## TASK BRIEF
In your copy, set down the entries exactly and exclude the pictures.

- - - - - - -

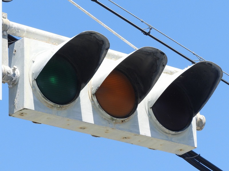 | 静岡県に点在している日本信号製の角形です。交通信号灯世代のものはだいぶ減りましたが、この車両用銘板のものはいくらか残っています。磐田市役所前の交差点には2基残っていました。昭和48年製。
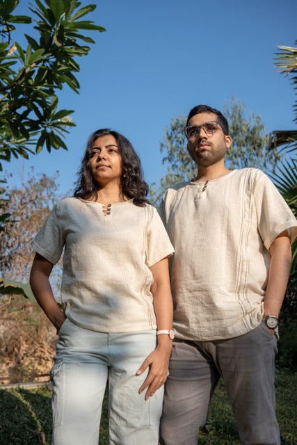 The Ēka Unisex Shirt embraces simplicity of the soil and elegance of soothing design. Infused with three heritage art forms, it's designed to be your go-to shirt in summers. For those looking for quality with a conscience, looking to start their sustainable journey. Take this Step One and choose safer clothing for your skin and better products for the planet. Handmade in 80 hours. 100% Plant-based. Zero-Waste. Ethical.
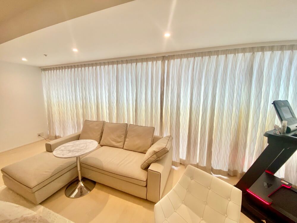 ウィンドウトリートメント次第で、天空のエグゼクティブ空間が、更に憧れのインテリアへとグレードアップします。
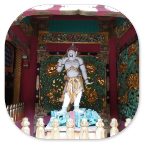 Auch dieser Schrein ist im Laufe der Jahrhunderte mehr als 20 mal erneuert worden. Und so erstrahlt auch jetzt die gesamte Schreinanlage in einem kräftigen Zinnoberrot.
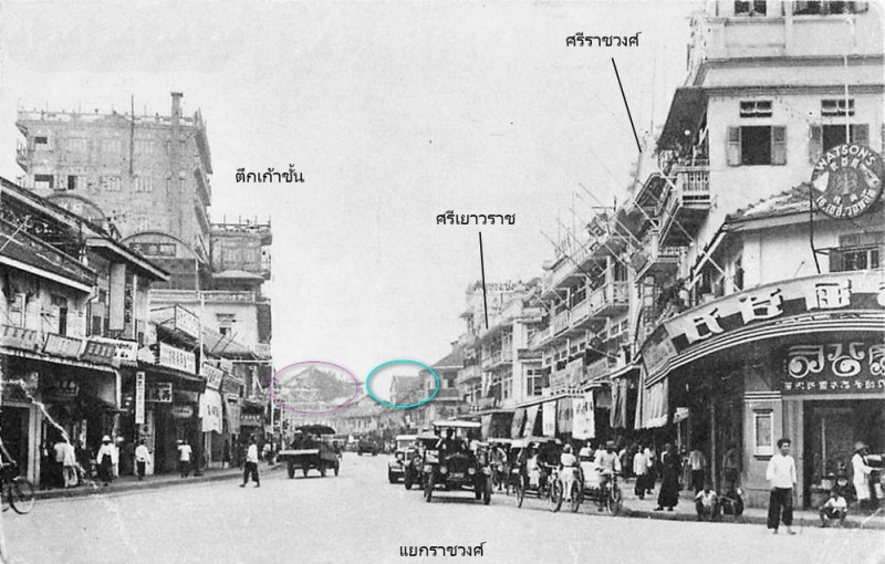 ถ้าจะให้เดาอาจจะเป็นถนนเยาวราชที่แถวสามแยก(ต้นประดู่)
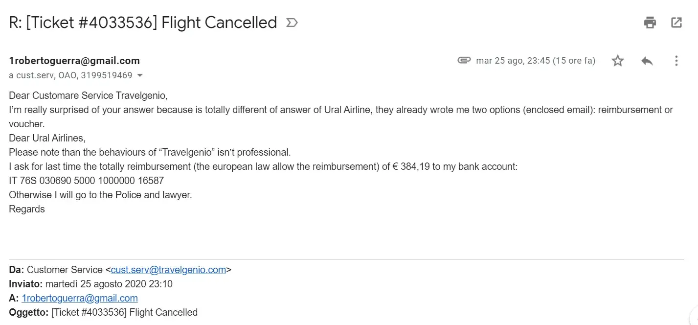 I asked and wrote to travegenio and ural airlines the reimbursement after the cancellation of flight.
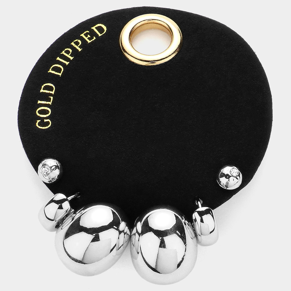 SECRET BOX_Gold Dipped Metal Hoop Stud 3 Pairs Earrings
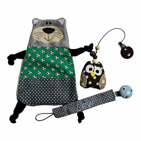 Baby-Paket 2 als Megaset zum Sonderpreis - Kinderwagenkette , Schnuffeltuch & Schnullerband mit Namen personalisierbar für Jungen und Mädchen

- - - - - - -

## RESULT OF THIS TASK
 | 静岡県に点在している日本信号製の角形です。交通信号灯世代のものはだいぶ減りましたが、この車両用銘板のものはいくらか残っています。磐田市役所前の交差点には2基残っていました。昭和48年製。
 The Ēka Unisex Shirt embraces simplicity of the soil and elegance of soothing design. Infused with three heritage art forms, it's designed to be your go-to shirt in summers. For those looking for quality with a conscience, looking to start their sustainable journey. Take this Step One and choose safer clothing for your skin and better products for the planet. Handmade in 80 hours. 100% Plant-based. Zero-Waste. Ethical.
 ウィンドウトリートメント次第で、天空のエグゼクティブ空間が、更に憧れのインテリアへとグレードアップします。
 Auch dieser Schrein ist im Laufe der Jahrhunderte mehr als 20 mal erneuert worden. Und so erstrahlt auch jetzt die gesamte Schreinanlage in einem kräftigen Zinnoberrot.
 ถ้าจะให้เดาอาจจะเป็นถนนเยาวราชที่แถวสามแยก(ต้นประดู่)
 I asked and wrote to travegenio and ural airlines the reimbursement after the cancellation of flight.
 SECRET BOX_Gold Dipped Metal Hoop Stud 3 Pairs Earrings
 Baby-Paket 2 als Megaset zum Sonderpreis - Kinderwagenkette , Schnuffeltuch & Schnullerband mit Namen personalisierbar für Jungen und Mädchen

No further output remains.